July 6, 2016 — Verizon Telematics, whose “hum” consumer vehicle connectivity business contributed 176,000 connected device adds in Q1 of this year, has purchased Telogis, a fleet navigation Software-as-a-Service (SaaS) provider with distribution through Ford, General Motors, Hino, Isuzu, Mack and Volvo’s Class 8 truck unit.
“This unit should serve as a nice complement to VZ’s [consumer vehicle] telematics division,” wrote Jennifer Fritsche, senior analyst, Wells Fargo Securities, wrote. “We believe this acquisition represents an interesting strategic move to ramp up its scale in the telematics space.”
Verizon’s purchase of Telogis will create one of the largest telematics company in the United States and it marks the first time a wireless company has bought a telematics concern, according to Fritzsche.

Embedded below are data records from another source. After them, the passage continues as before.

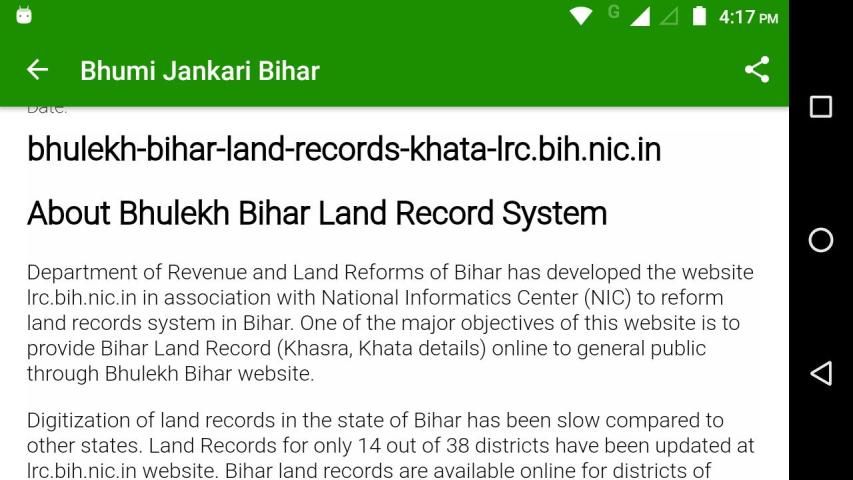 बिहार की भूमि रिकार्ड विवरण - यह ऐप्लिकेशन बिहार भूमि Jankari प्रदान करता है।
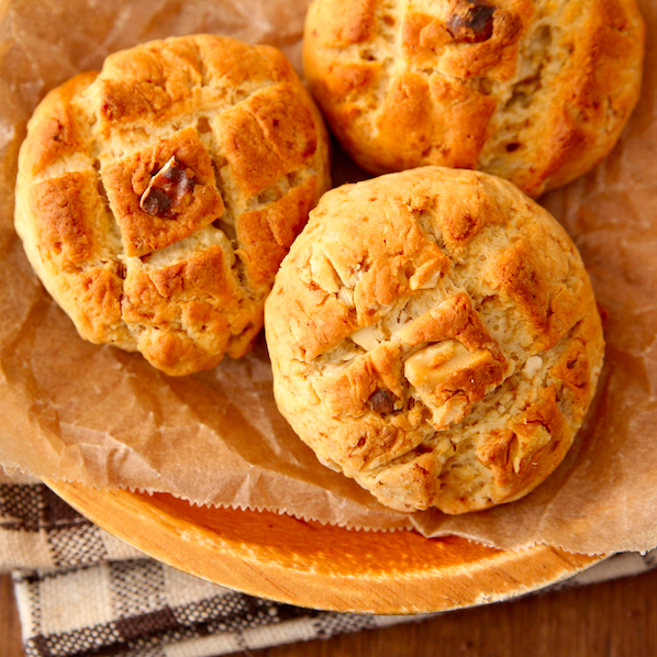 ホットケーキミックスで簡単! バターなしでもおいしい。 「切り込み」入れるだけでサクサク感最高なスコーン作れます。 ポリ袋で作れば洗い物少ないです。 ホットケーキMIX150g、砂糖大1、ヨーグルト大3、オリーブ油大1混ぜ6等分。厚さ2cmの丸型に整え切り込み入れ180度予熱したオーブンで15分。pic.twitter.com/vnHu9rSgJg
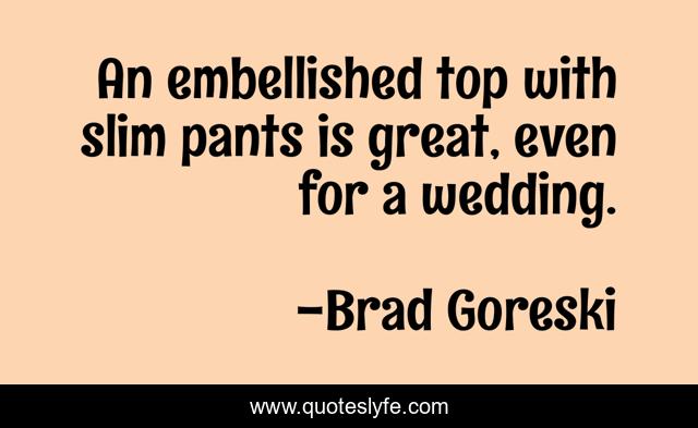 This page presents the quote "An embellished top with slim pants is great, even for a wedding.". Author of this quote is Brad Goreski. This quote is about great, top, pants,.
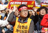 (조세금융신문=전한성 기자) 전국공무원노동조합(위원장 이충재)을 포함한 대한민국공무원노동조합총연맹, 전국교직원노동조합, 한국교원단체총연합회, 사학연금제도 개선을 위한 공동대책위원회 등 50여개 공무원단체가 함께 참여하는 '국민연금 강화! 공무원연금 개악저지! 총력투쟁 결의대회'가 28일 오후 2시 서울 여의도 문화마당에서 개최된 가운데 조합원이 피켓을 들고 있다.
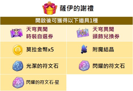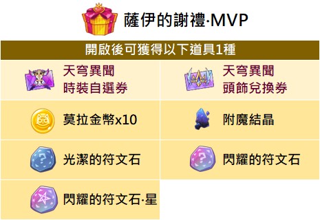 📌【薩伊的謝禮‧MVP】累計開啟3次必定獲得「天穹異聞頭飾兌換券」
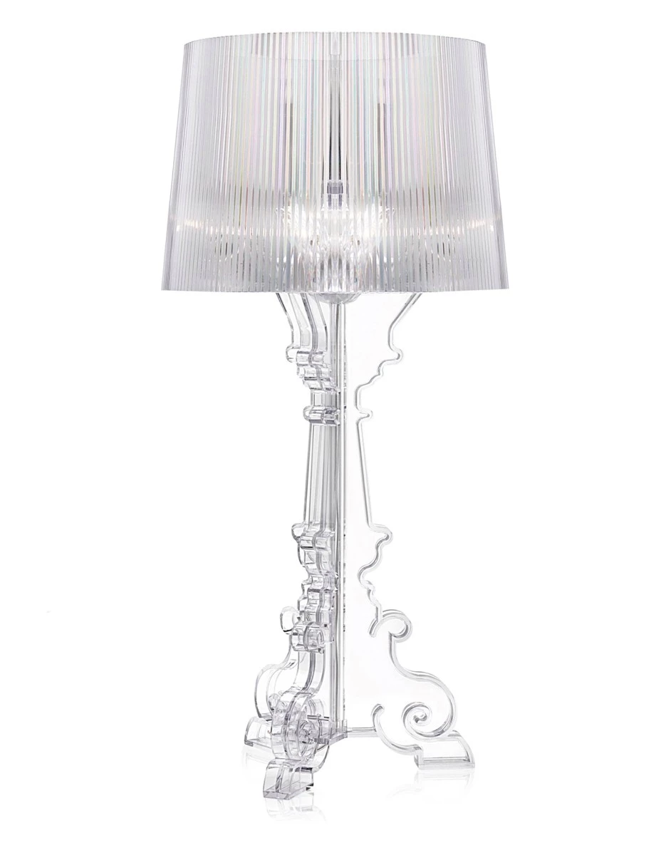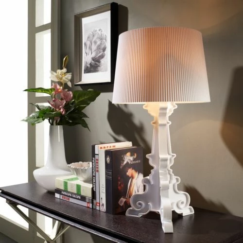 Designed by Ferruccio LavianiManufactured by KartellA lamp with an inimitable style, Bourgie is one of Kartell’s best sellers, skilfully combining classic style, richness and tradition with innovation and irony. The baroque style base is composed of three interconnecting decorated layers, while the large lampshade is made with a pleated effect, to create a myriad play of reflections when the lamp is turned on.The lamp shade’s unique attachment system makes three different heights possible which can be adjusted according to the desired use: 68, 73 and 78 centimetres.Bourgie becomes a gorgeous decorative desk or table lamp. Thanks to its flexibility and strong communication value, it can be used on an side-table in the living room, to create atmosphere on your nightstand, as a standing sculpture or for reading.
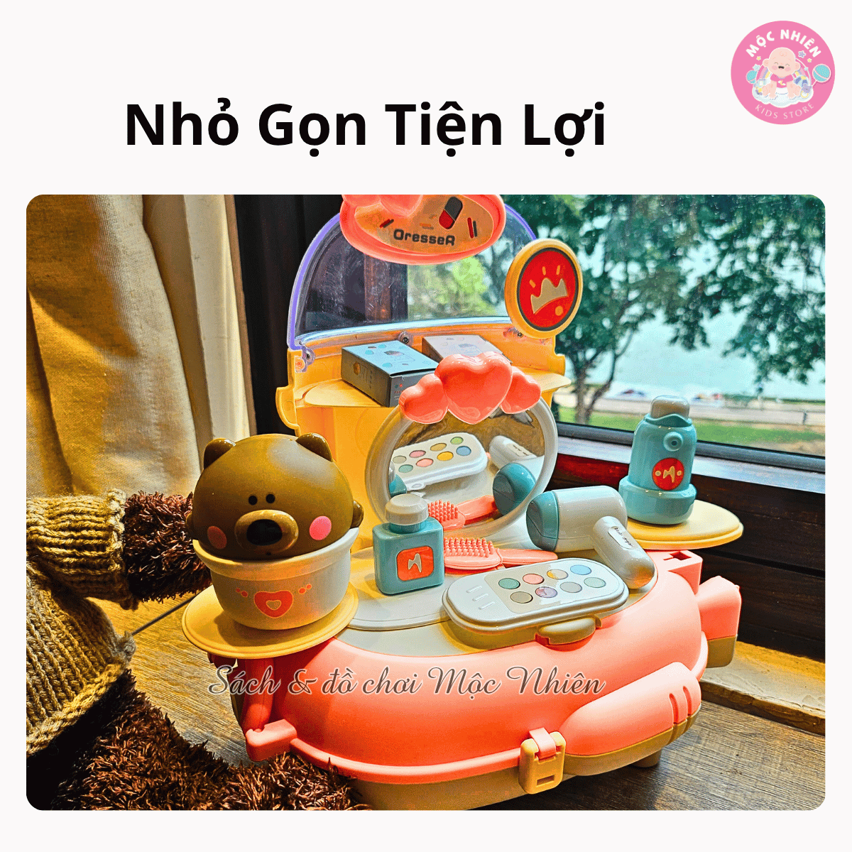 - Bộ đồ chơi với 2 dạng: Dạng balo và Bàn trang điểm, bé có thể đeo và mang đi khắp nơi
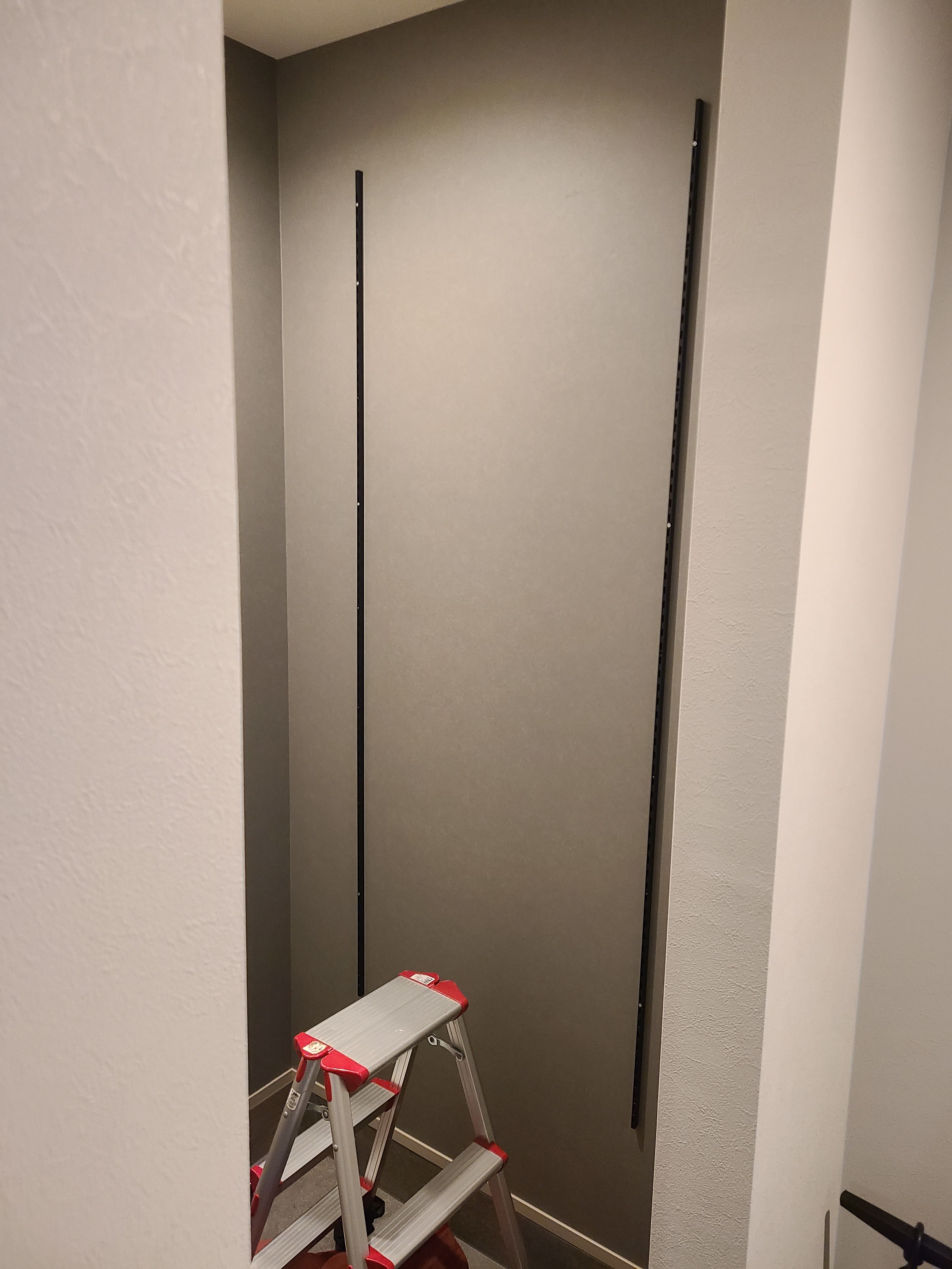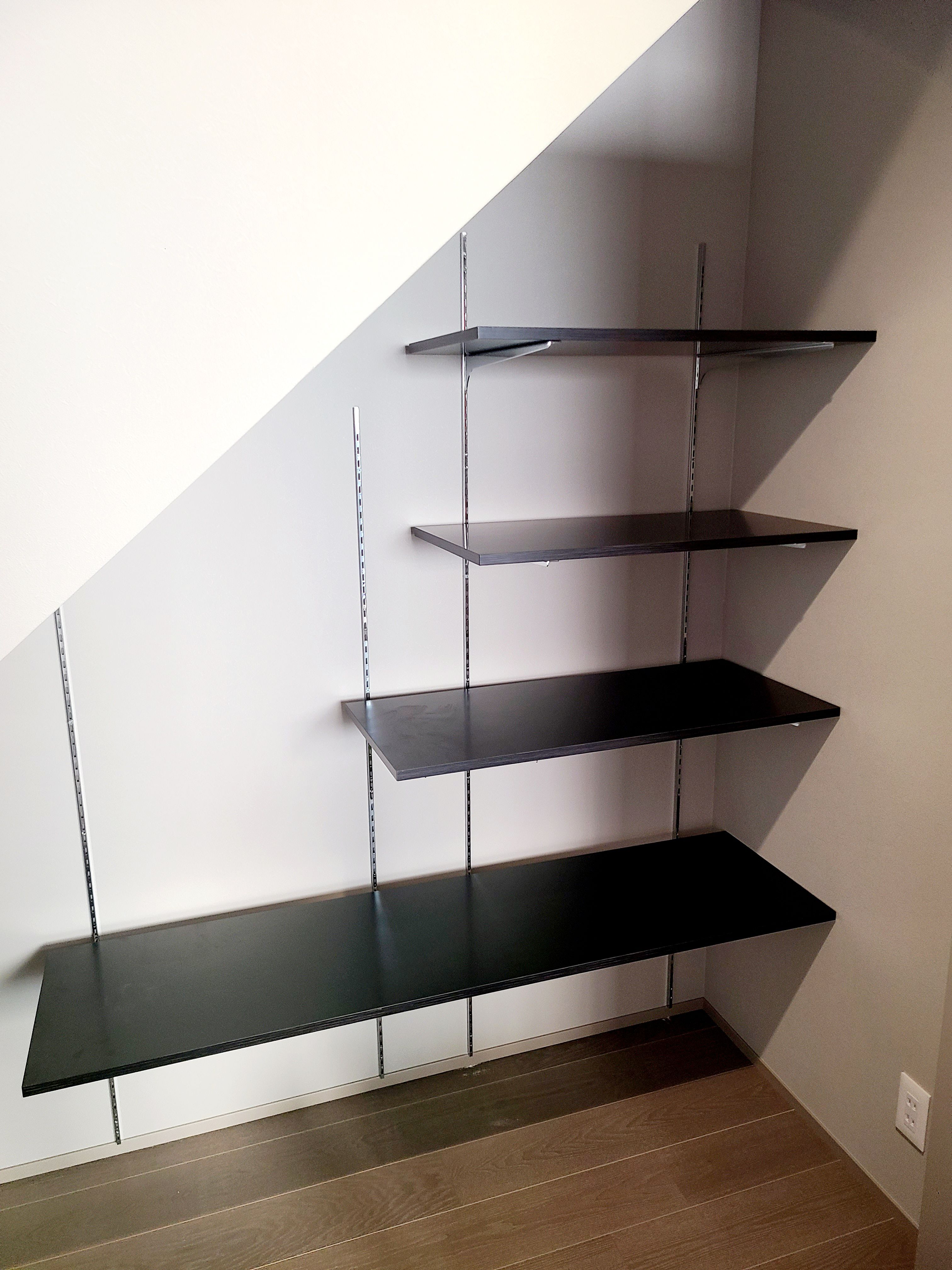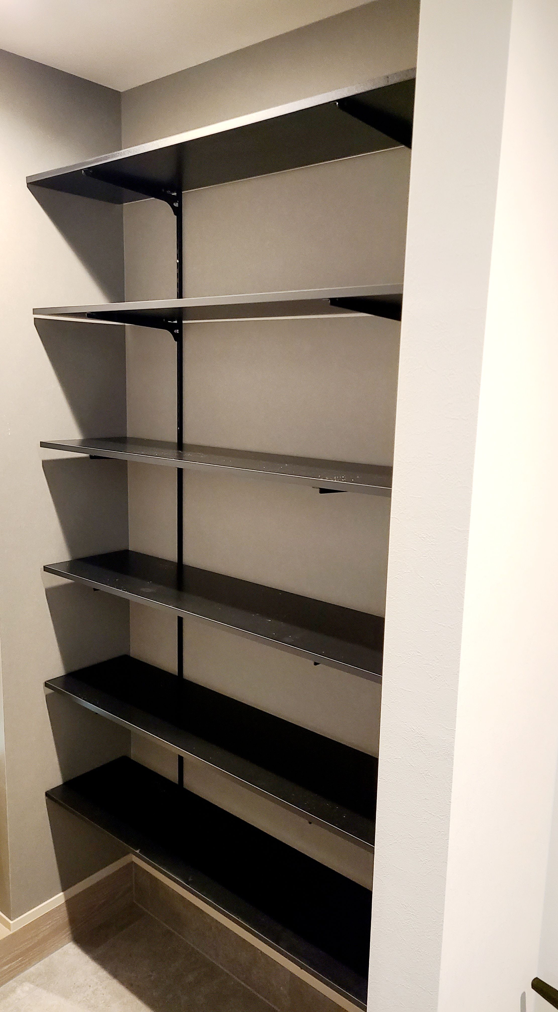 玄関に靴がたくさん置ける棚を取り付けました。階段下のスペースにも収納がたくさん置ける様に棚を設置しました。
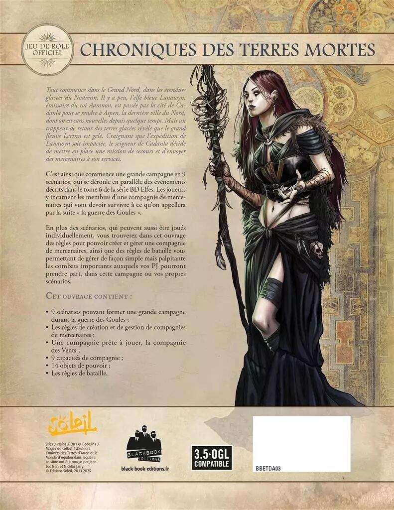 En plus des scénarios, qui peuvent aussi être joués individuellement, vous trouverez dans cet ouvrage des règles pour pouvoir créer et gérer une compagnie de mercenaires, ainsi que des règles de bataille vous permettant de gérer de façon simple mais palpitante les combats importants auxquels vos PJ pourront prendre part, dans cette campagne ou vos propres scénarios.

“But we do not think it will be the last. The telematics industry is highly fragmented with many smaller players funded by venture capital. We expect to see additional consolidation among these players to scale their platforms and appeal to a wider base of customers,” she wrote.
Terms of the transaction have not been disclosed and it is expected to close in the second half of 2016. PJT Partners and Wells Fargo Securities, LLC acted as financial advisors and Debevoise & Plimpton acted as legal advisor to Verizon. Barclays and J.P. Morgan acted as financial advisors and Paul Hastings acted as legal advisor to Telogis.